**DATASET ENTRIES:**
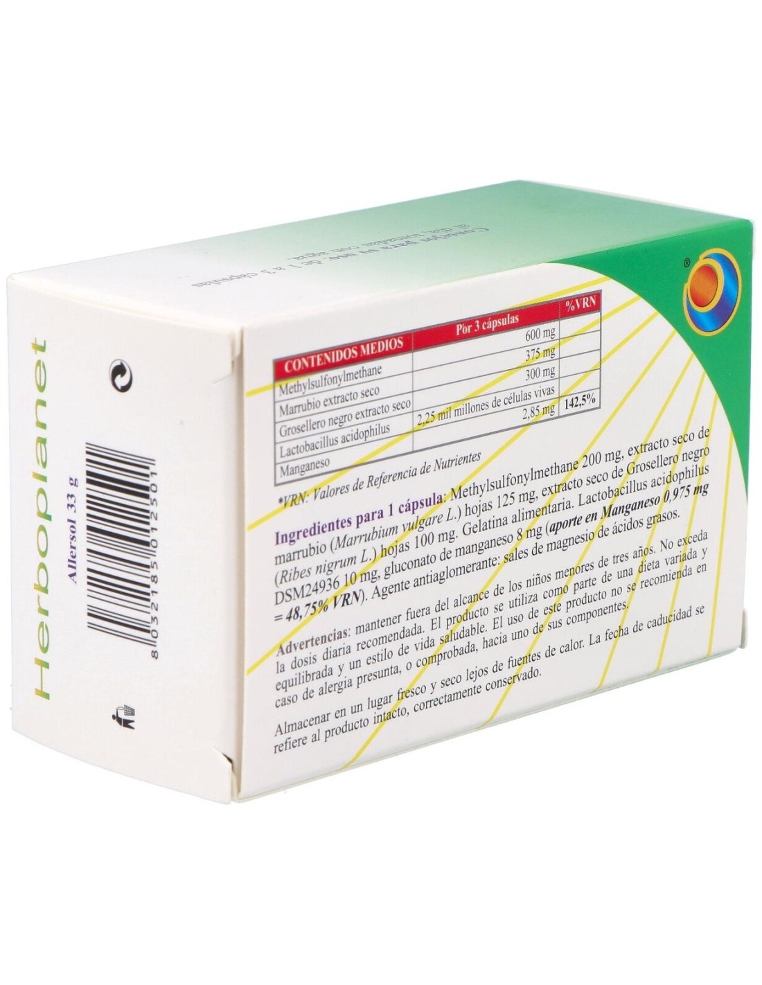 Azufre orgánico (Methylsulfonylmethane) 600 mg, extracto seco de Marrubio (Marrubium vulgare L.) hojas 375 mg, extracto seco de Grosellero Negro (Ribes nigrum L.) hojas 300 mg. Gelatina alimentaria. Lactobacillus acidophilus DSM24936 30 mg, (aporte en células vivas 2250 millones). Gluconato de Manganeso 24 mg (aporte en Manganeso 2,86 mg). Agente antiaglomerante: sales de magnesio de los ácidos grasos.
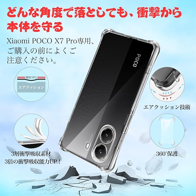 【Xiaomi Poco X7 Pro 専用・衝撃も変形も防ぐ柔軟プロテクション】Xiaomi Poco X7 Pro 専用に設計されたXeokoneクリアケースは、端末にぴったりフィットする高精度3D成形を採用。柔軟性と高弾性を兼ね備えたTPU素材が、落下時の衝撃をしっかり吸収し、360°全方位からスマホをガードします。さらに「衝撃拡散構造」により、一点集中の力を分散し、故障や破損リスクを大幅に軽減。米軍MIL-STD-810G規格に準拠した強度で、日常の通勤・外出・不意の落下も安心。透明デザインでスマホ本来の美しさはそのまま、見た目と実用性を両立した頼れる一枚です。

...

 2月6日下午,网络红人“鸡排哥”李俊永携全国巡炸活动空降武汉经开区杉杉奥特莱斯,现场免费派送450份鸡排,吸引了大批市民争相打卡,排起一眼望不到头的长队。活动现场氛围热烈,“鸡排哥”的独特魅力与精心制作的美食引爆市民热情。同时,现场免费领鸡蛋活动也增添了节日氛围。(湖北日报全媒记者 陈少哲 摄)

**DIRECTIONS:**
Copy the lines above between the one holding "Azufre orgánico (Methylsulfonylmethane)" and the one holding "X7 Pro 専用・衝撃も変形も防ぐ柔軟プロテクション】Xiaomi", inclusive. Drop the pictures.

**OUTPUT FOR THIS EXERCISE:**
 Azufre orgánico (Methylsulfonylmethane) 600 mg, extracto seco de Marrubio (Marrubium vulgare L.) hojas 375 mg, extracto seco de Grosellero Negro (Ribes nigrum L.) hojas 300 mg. Gelatina alimentaria. Lactobacillus acidophilus DSM24936 30 mg, (aporte en células vivas 2250 millones). Gluconato de Manganeso 24 mg (aporte en Manganeso 2,86 mg). Agente antiaglomerante: sales de magnesio de los ácidos grasos.
 【Xiaomi Poco X7 Pro 専用・衝撃も変形も防ぐ柔軟プロテクション】Xiaomi Poco X7 Pro 専用に設計されたXeokoneクリアケースは、端末にぴったりフィットする高精度3D成形を採用。柔軟性と高弾性を兼ね備えたTPU素材が、落下時の衝撃をしっかり吸収し、360°全方位からスマホをガードします。さらに「衝撃拡散構造」により、一点集中の力を分散し、故障や破損リスクを大幅に軽減。米軍MIL-STD-810G規格に準拠した強度で、日常の通勤・外出・不意の落下も安心。透明デザインでスマホ本来の美しさはそのまま、見た目と実用性を両立した頼れる一枚です。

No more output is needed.